Metro Denver Economy: Robust and Diverse

April 29, 2018 | Buying

Rapidly rising prices can create an artificial bubble if fueled by irrational exuberance.

On the other hand, a strong upward price trend can be created by healthy market fundamentals.

The latter is the case when it comes to home prices in metro Denver over the last six years. The robust increase in home values has not occurred in a vacuum. They are the result of healthy fundamentals.

One such fundamental is the strength and diversity of the economy in the Denver area. We can analyze that strength and diversity in a couple different ways.

The first way to appreciate the powerhouse that the Mile-High area economy has become is by looking at economic “sectors”.

The U. S. Bureau of Labor Statistics divides the job market nationally into 11 super-sectors as follows: Professional & Business Services, Wholesale & Retail Trade, Government, Education & Health Services, Leisure & Hospitality, Financial Activities, Natural Resources & Mining & Construction, Manufacturing, Transportation, Information and Other Services.

Job growth in each of these 11 super-sectors was up in metro Denver in both 2016 and 2017 … and at rates that exceed the national averages!

Those trends are projected to continue in 2018.

In other words, job growth in metro Denver is both broad based (across every industry sector) and strong (at rates that exceed the national averages.

A second way of analyzing economy vitality is via economic “clusters”. Clusters are different than the sectors discussed above. Clusters are related industries in different sectors that combine to serve a particular need.

For example, the Aviation cluster includes aircraft manufacturers (from the Manufacturing sector) and airlines (from the Transportation sector). 

There are sixty-seven clusters recognized by economists and 13 of them are key to driving the Denver area economy.

Key facts about these 13 clusters include:

    • Economic Concentration: In 6 of the 13 clusters, metro Denver has a top 10 rating in something known as “employment concentration”. Employment concentration measures the percentage of people employed in a given cluster in a particular region versus the percentage of people employed in the same cluster nationwide.For example, the percentage of all employed people in the Denver area that work in the Aerospace cluster is #1 in the nation. No other major metropolitan area has a higher percentage of people working in the Aerospace arena. Denver’s other strong clusters include #2 in Beverage Production, #5 in Broadcast and Telecommunications, #6 in Alternative Energy, #8 in IT-Software and #9 in Fossil Fuel Energy.This means that Denver and the surrounding area leads the nation in almost half the clusters on which its economy depends. Metro Denver does not just do okay in these clusters but leads the way in almost half of them.

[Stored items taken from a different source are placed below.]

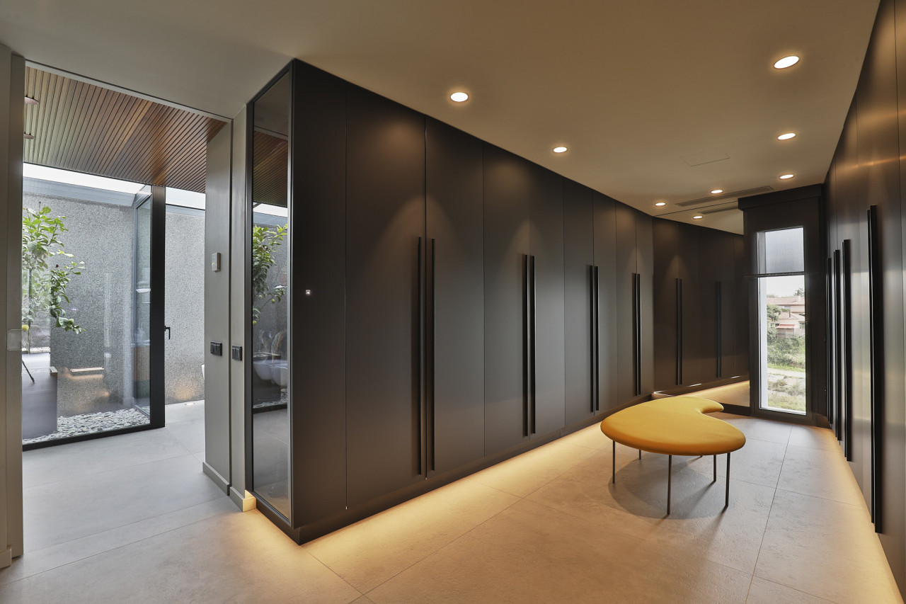 The master suite offers a floating bed design, onyx-lit headboard and direct terrace access, while additional rooms provide colourful lounges, wardrobe corridors and refined architectural transitions. With its spacious layout, strong natural light and high-end design, Casa Antonio is an exceptional location for luxury campaigns, fashion stories, product shoots, lifestyle content and high-production film scenes near Barcelona.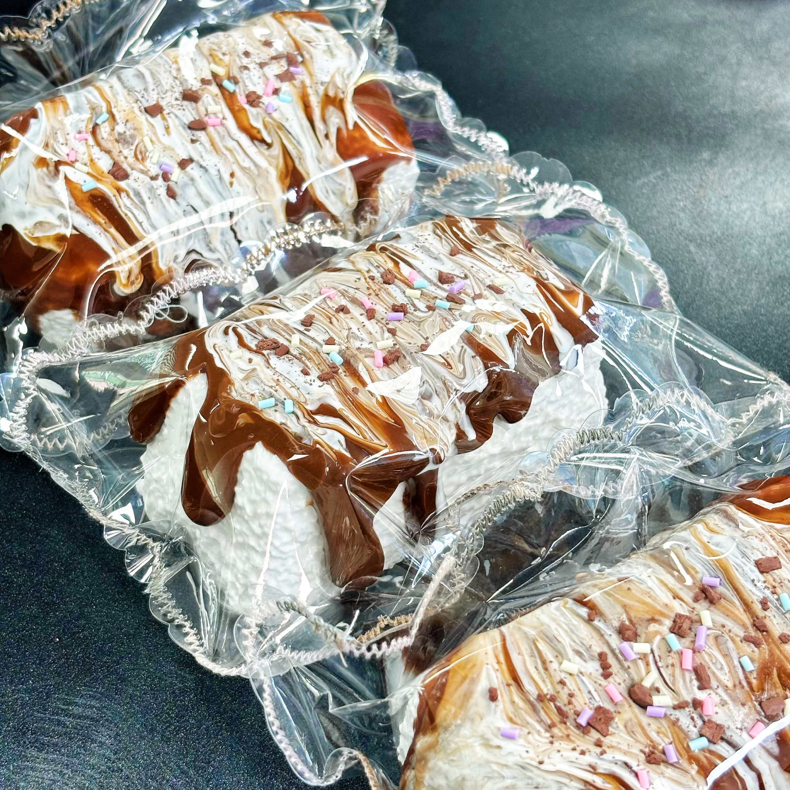 ふんわりとした白いスポンジ生地に、とろけるようなチョコレートとキャラメルのソースがかかり、カラフルなスプリンクルがアクセント。
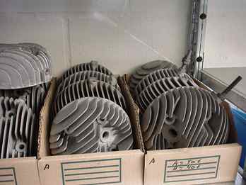 We have stock of the cilinder heads for both Bosch and Siba engines. We cleaned; glass pearled and inspected the heads. Two quality's available A=100% OK Euro .. B=very good usable, sparkplug thread OK, maybe some small pieces of the cooling fins broken, for Euro ...,- REMARK: If you order a cilinder head, consider an O-ring seal instead of the original gasket. See the machining job we can provide under the "service" button. | ![]() | |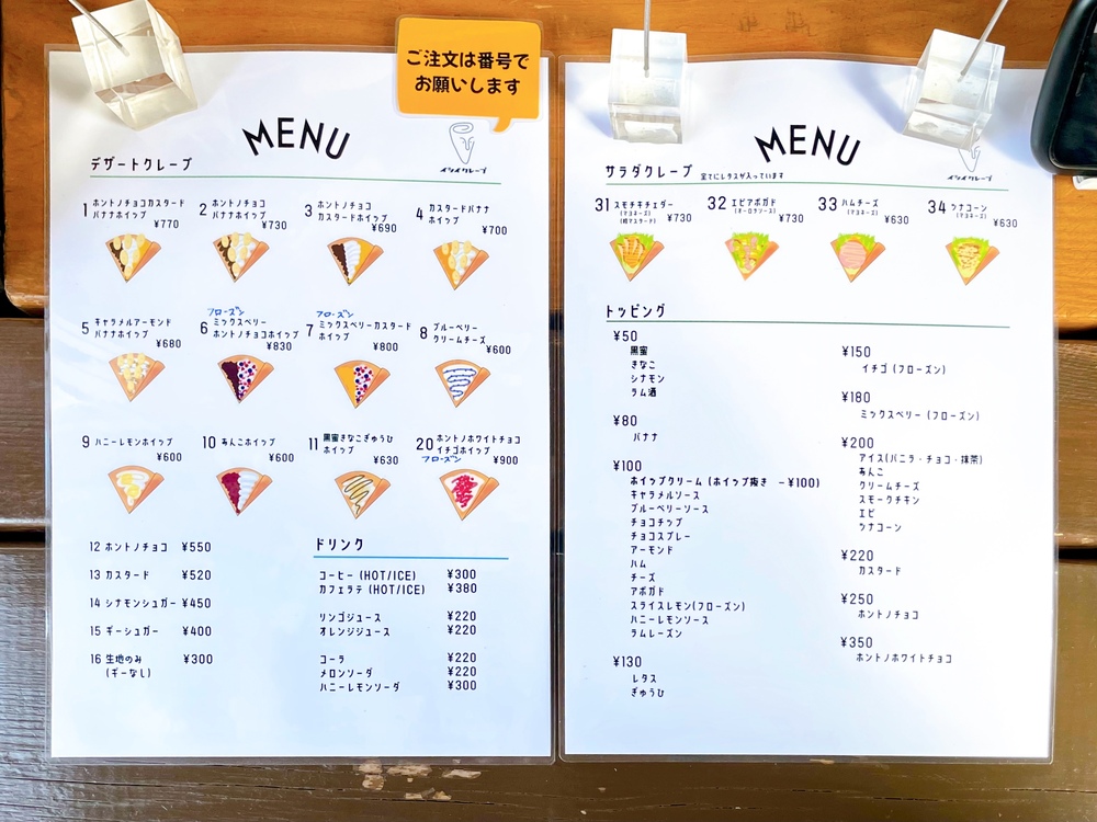 悩みに悩み、1番人気の「ホントノチョコバナナホイップ」とサラダクレープの「スモチキチェダー」を注文しました。
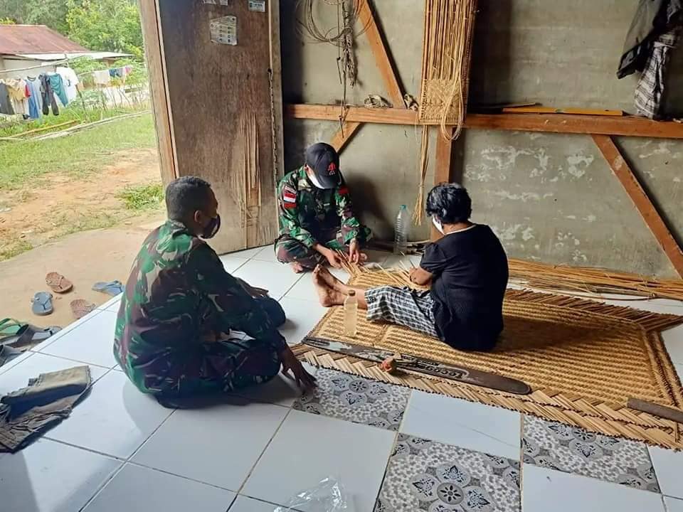 Sungai Senunuk,-Anggota Satgas Pamtas RI-Malaysia Yonif 144/JY melaksanakan Binter bersama warga membuat menganyam tikar untuk menjemur padi di desa Sungai Senunuk Kecamatan Batang Lupar Kabupaten Kapuas Hulu Kalbar.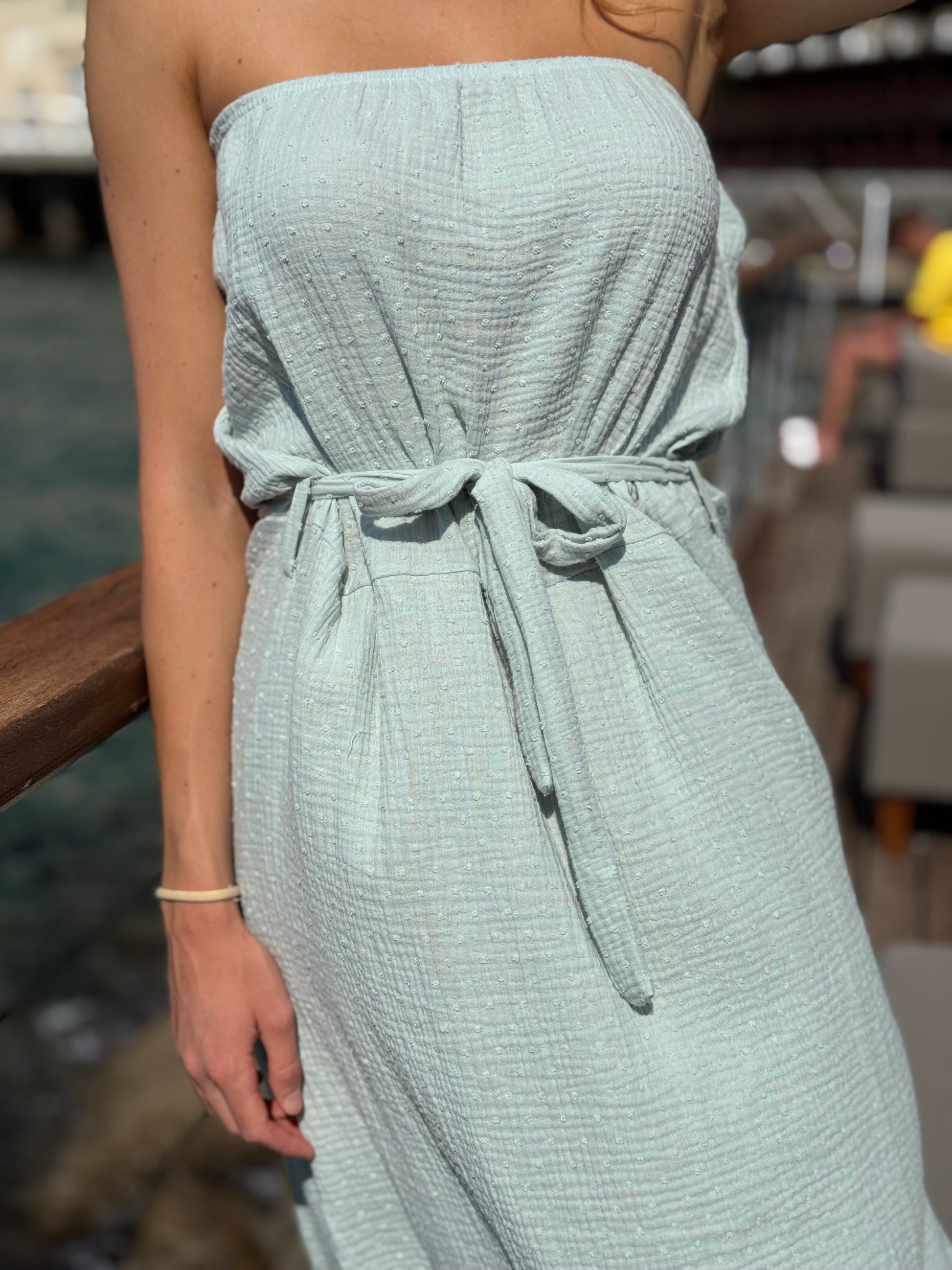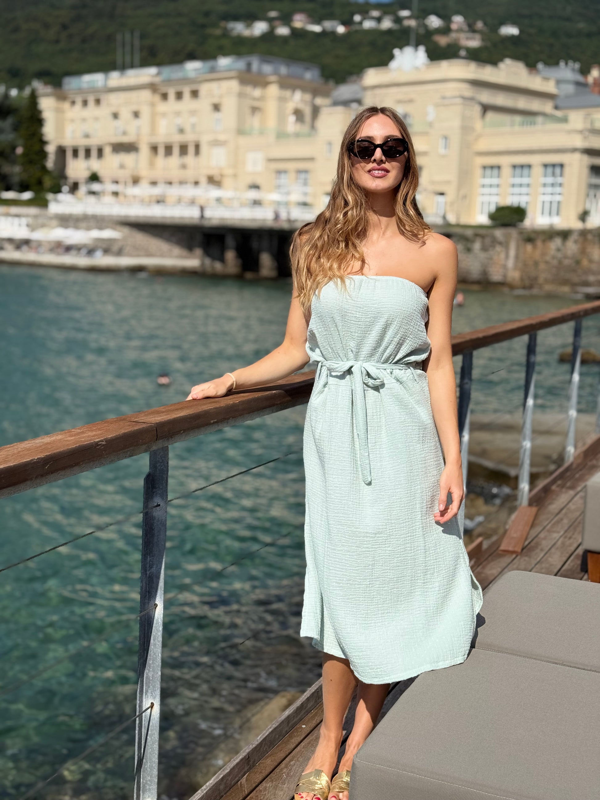 Ova haljina bez naramenica izrađena je od mekanog, prozračnog pamuka s blagom teksturom koja pruža prirodnu udobnost i sofisticiran izgled. Elastičan struk i ležeran kroj osiguravaju da se prilagođava svakoj figuri, dok midi dužina i minimalistički dizajn čine ovaj model idealnim za tople ljetne dane, plažu, gradske šetnje ili večernje izlazke.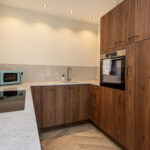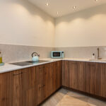 Aan de achterzijde bevindt zich de luxe open keuken uit 2022. Deze is uitgevoerd in een moderne U-opstelling en voorzien van hoogwaardige inbouwapparatuur. Vanuit de woonkamer bereik je tevens een tussenhal met modern toilet en praktische bergruimte met de cv-installatie en wasmachineaansluiting.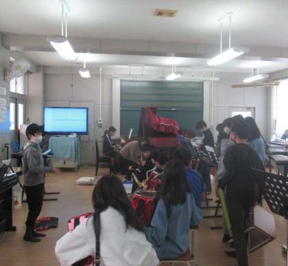 1組の音楽では、ありがとうコンサートに向けて合奏の練習に取り組んでいました。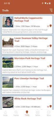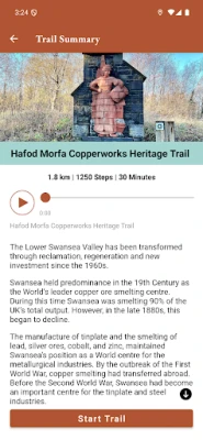 Free App! Discover the natural beauty and heritage of Swansea through our featured trails and heritage sites on this App. Available in both Welsh and English audio versions. Choose between on screen text or listen as you walk! Using GPS, track your journey through exploring our 6 unique featured trails such as; Hafod Morfa Copperworks, White Rock, Parc Llewelyn, Clydach Canal, Morriston Park and Lower Swansea Valley! Experience scenic views, interesting heritage, history and more! Go outside and start exploring! What will you discover along your way?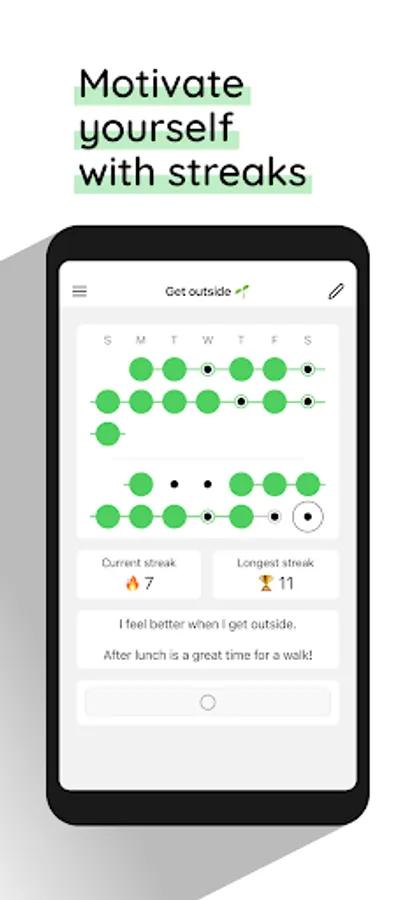 Most habit trackers break your habit streak after you miss one day. I found this frustrating, because it's normal to miss a day here or there; life gets in the way of your habits. When I was trying to build a new habit and inevitably missed a day, my streak would break and halt my momentum. This felt demoralizing, because I was setting unreasonable expectations for myself.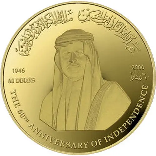 | Opschrift voorzijde | عَبدُ اللهِ الثَّاني ابنِ الحُسَينِ مَلك المملَكةِ الأردُنيةِ الهَاشِميَّة 1946 2006 60 DINARS ٦٠ ديناراً THE 60TH ANNIVERSARY OF INDEPENDENCE (Translation: Abdullah II bin Hussein, King of the Hashemite Kingdom of Jordan 1964 2006 60 Dinars The 60th Anniversary of Independence) |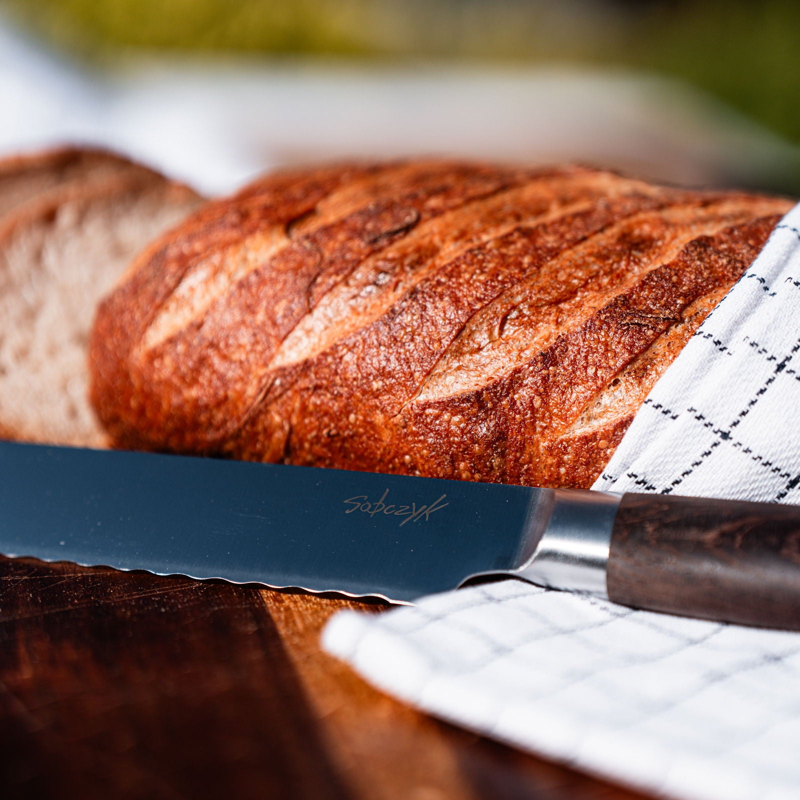 Nordik Brødkniven fra Sobczyk er en solid og stilren hverdagskniv, designet til at levere skarpe snit uden at mase brødet. Med sit 20 cm lange, savtakkede blad i rustfrit stål skærer den ubesværet gennem både sprøde skorper og bløde krummer.

  • Average Wages: The average wage in 4 of the 13 clusters exceeds $100,000 per year. Another 3 of the clusters provide annual wages in excess of $80,000 to its workers.
    This means that the clusters fueling the Denver area economy are in high-paying professions. These levels of individual wages are well in excess of the $56k median family income for the country as a whole and contribute to a much higher median income in metro Denver. Higher incomes support higher home prices.


In summary, the economy in our Mile-High paradise is (1) Creating jobs at a higher rate across every sector of the economy than are being created in other parts of the country and (2) Is fueled by economic clusters that provide high paying jobs to a large percentage of the area’s residents.

A strong and broad-based economy contributes to rising home prices in a fundamentally healthy way.